The race was initially sponsored by Jewson and was established in 2011 as a new Grade 2 race at the Festival. Jewson had sponsored a handicap race for novice chasers from 2005 to 2010, the Jewson Novices' Handicap Chase, which was run on the third day of the Festival. Jewson transferred their sponsorship to this new race at the 2011 Festival which took the place of the Novices' Handicap Chase on the third day, while the handicap race was moved to become the final race on the opening day of the Festival and retitled the Centenary Novices' Handicap Chase. The Jewson Novices' Chase was upgraded to Grade One by the British Horseracing Board from its 2014 running. The race's registered unsponsored title is the Golden Miller Novices' Chase, although it has always been run under sponsored titles.

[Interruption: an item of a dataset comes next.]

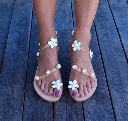 Flat Bottomed Flower and Pearl Adornment Toed Casual Sandals

The race was sponsored by insurance brokers JLT from 2014 until 2019. The JLT group had already been associated with sponsorship of a festival race, having sponsored the Festival Trophy Handicap Chase since 2012. The race was renamed the Marsh Novices' Chase from the 2020 renewal following the merger of JLT and Marsh. The transport company Turners took over the sponsorship from the 2022 running.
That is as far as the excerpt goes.